Только в одиннадцать часов мы поднялись в воздух. Летели высоко. Под нами облака, словно волны разбушевавшегося моря, перегоняли друг друга, мешались и, вздымаясь, надолго окутывали нас серой мглой. От напора встречного ветра машину покачивало, и казалось, летит она не вперёд, а плывёт вместе с облаками назад. Вдали, точно упавшая на облака глыба белого мрамора, виднелся величественный Становой, облитый солнцем. К нему устремляется наша машина.

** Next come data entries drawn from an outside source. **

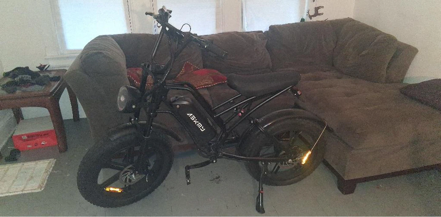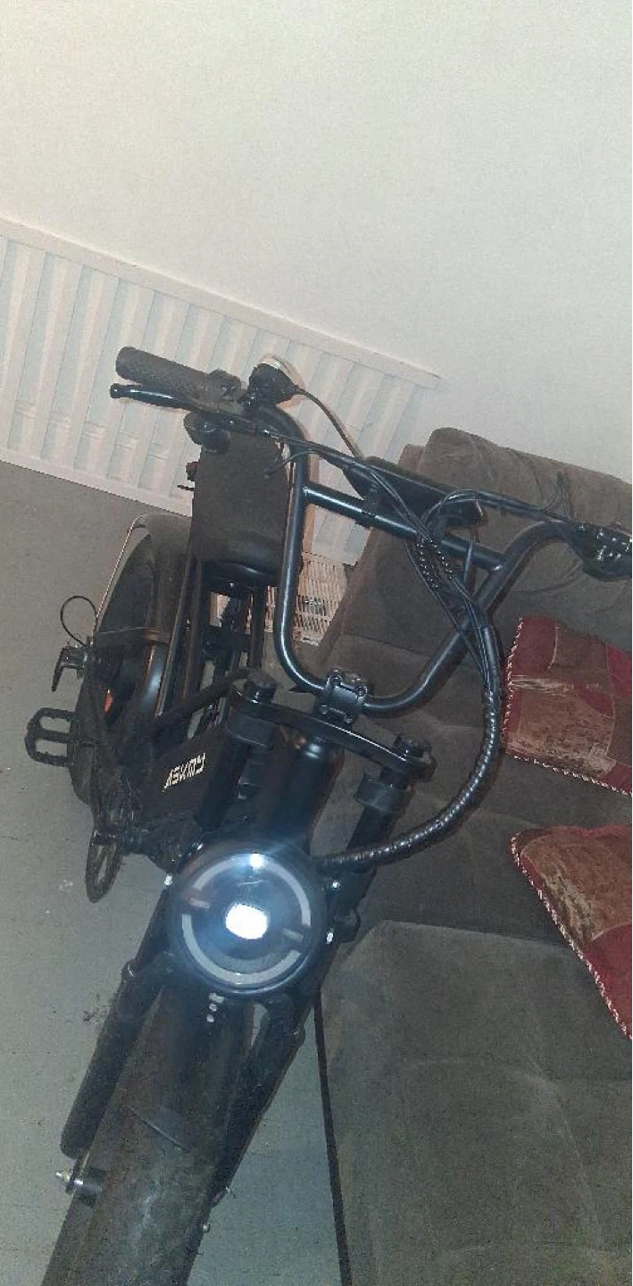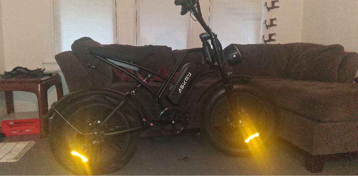 This is an ASKMY electric fat tire bike. It has a black frame and thick tires for stability. This bike is great for cruising around town or off road it’s brand NEWI just have the back tire popped and have no car to take it to a nearby shop runs 35pmh max speed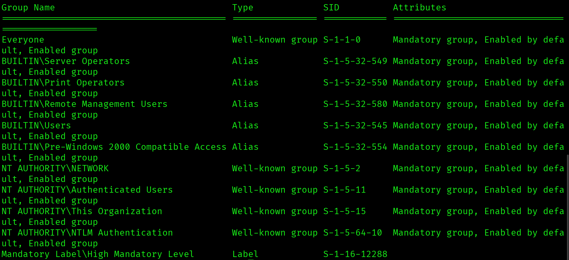 BUILTIN\Server Operators Mandatory group, Enabled by default, Enabled group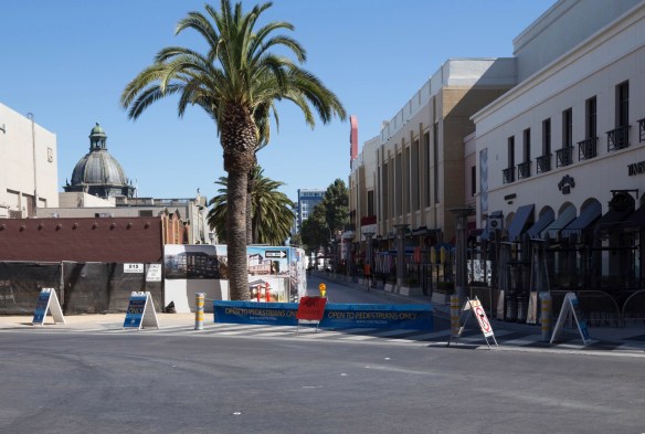 Back in June, in my post Street Walking, I noted that people were treating Theatre Way as a pedestrian mall even though it is a public street. Based on the pedestrian behavior I had observed, in that post I suggested that the city close Theatre Way. Apparently the city was having the same thoughts, because, on a trial basis at least, they did. While the wording of their announcement implies that they may reopen Theatre Way to traffic at some point—perhaps when the 815 Hamilton Street project is complete—I sincerely hope that they don’t. Theatre Way is lined with shops and restaurants, and it only makes sense to allow people to dart back and forth from one side to the other without having to utilize the crosswalks at either end of the block. I hope that they see that unconventional changes like these—removing the Broadway island, closing Theatre Way—can have real positive benefits for pedestrians, cyclists, and motorists alike.

А под нами, в образовавшихся просветах, показалась долина Зеи, багровая от весенних ветров и тепла. Ещё через несколько минут облака поредели, и я узнал устье Джегормы, куда в прошлом году привёл меня ослепший Улукиткан.

Ниже Джегормы, в двух километрах от слияния её с Зеей, широкая коса -посадочная площадка. Никого на ней нет. Лётчик разворачивает машину, заходит сверху, «падает» на галечную дорожку.

Пустынно и одиноко на берегу. Мы разгружаем машину.

– Ты как сюда попал? – вдруг послышался строгий голос Василия Николаевича.

– Дядя, не кричи, я тебе дедушкину пикульку для рябчиков подарю, – ответил вкрадчиво детский голос, и из-под тюков показалась голова Пашки. – Я не успел слезть, – оправдывался он, стряхивая с ватника пыль и хитровато всматриваясь в лицо Василия Николаевича.

– Врёшь, а как попал под тюки?

– С испуга, хоть провалиться мне, с испуга. Как загудели моторы, я хотел в дверь выскочить, а меня занесло вишь куда…

Василий Николаевич ощупал у него сумку и покачал головой.

– Знал, что испугаешься, хлеба захватил?

Мальчишка заглядывал в лицо Василию Николаевичу, как бы пытаясь разгадать, насколько серьёзен разговор. А тот вывалил на тюк содержимое сумки. Чего только в ней не было! Сухари, дробь, пистоны, селёдка, столовый нож, пикульки, крючки, обманки, пробки, – словом, всё, что Пашка успел нажить за двенадцать лет жизни.

– Ты, дядя, не сердись, – сказал Пашка, уже разгадав покладистость Василия Николаевича. – Ведь никто даже не подумает, что Пашка Копейкин на самолёте улетел. Чудно получилось!

– Слезай-ка! Кто разрешил тебе лететь? – спросил я, стараясь придать своему голосу строгий тон.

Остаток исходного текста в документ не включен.